The left pattern is the Experiment 1, and the right is the Experiment 2

Disk usage

screen shot 2018-07-31 at 11 23 02 pm

Network traffic

screen shot 2018-07-31 at 11 17 50 pm

The Experiment 1 try to sync or replicate the data and until 8 minutes the connection reset, you can see the pattern of disk usage and network traffic above. In the second experiment, we have a continuous connection between couchdb, but every 8 minutes we have some data deleted (seeing the disk usage)

Context

I'm in a project called planet where we build a federated learning management system, similar to what mastodon did but for learning management. Our setup is a central (earth), and nation server deployed in Docker with docker-compose (our application is not that complex and no k8s necessary at least for now), and we have Raspberry Pis deployed in the field in some places where internet connection is still unstable (some small place in Madagascar, Ghana, Nepal, etc). In our central server, we use Lets Encrypt to add SSL encryption and we use Nginx as the reverse proxy. Problem is when we try to replicate a database from CouchDB in the Raspberry Pi, earth or nation server to earth or nation.
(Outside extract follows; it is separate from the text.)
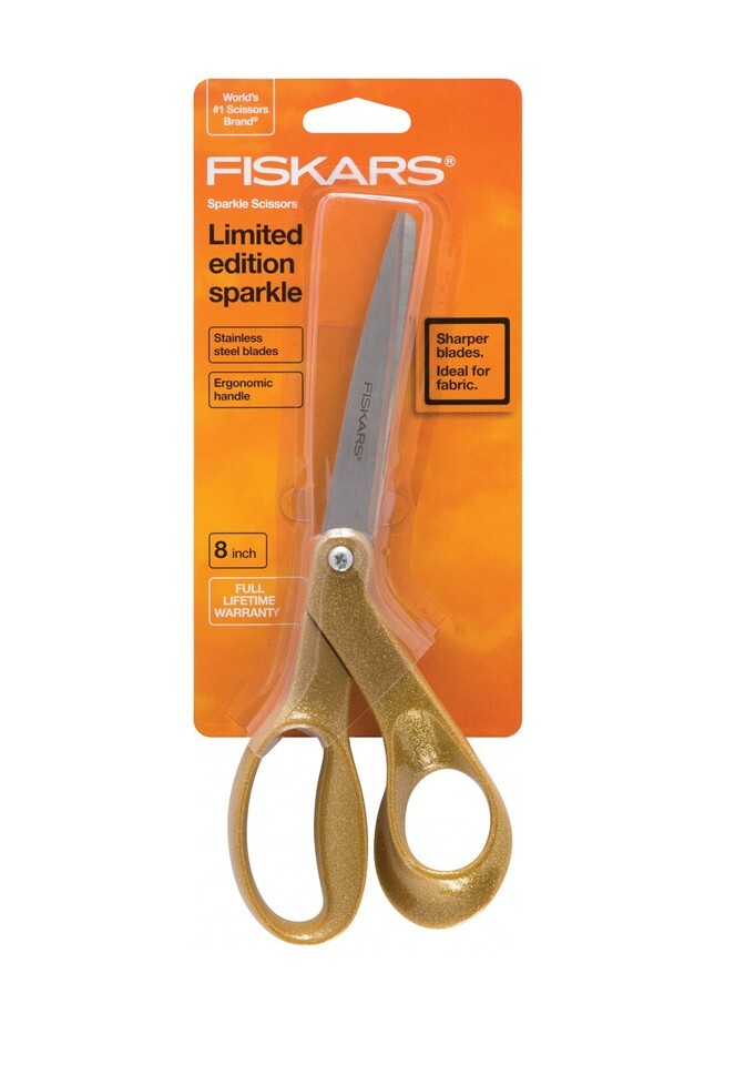 Fiskars Premier 8 Inch Bent Sparkle Scissors Gold.

At first, we think that Raspberry Pi was the problem, but turned out the behavior is replicable in the CouchDB deployed on the server too. For quick notes, we are using version 2.1.2 (you can check it here). Previously when using CouchDB 1.6 we never this kind of problem and it is using RPi too

Your Environment

nickva commented 6 years ago

Hi @empeje

Thank you for your report. A few questions and comments:

empeje commented 6 years ago

Thanks for your answer @nickva.

So many things to address here.

Regarding the 3Gb files, are those sizes for single document bodies? Are those attachments? Individual or total? Usually storing large individual documents or attachments in that range is considered an anti-pattern for CouchDB. Is there any way to break those up into smaller documents?

It is mostly an attachment. We are distributing learning resource data via CouchDB. I know it is anti-pattern, but we take this risk because it is one of the simplest way to create federated system with low human resource in a social benefit organization like us. Our goal is at least able to replicate 1GB of attachment.

Is it a single replication or are there others (many) running at the same time?

Our server may receives multiple replication request at a time.

Noticed that max http request size and max client body size are set to 1Gb and CouchDB's max document size is set to 4Gb. Perhaps adjust the request size in both Nginx and CouchDb to a large value. For max request size, you'd want it greater than the sum of all the document's revisions and the total size of its attachments.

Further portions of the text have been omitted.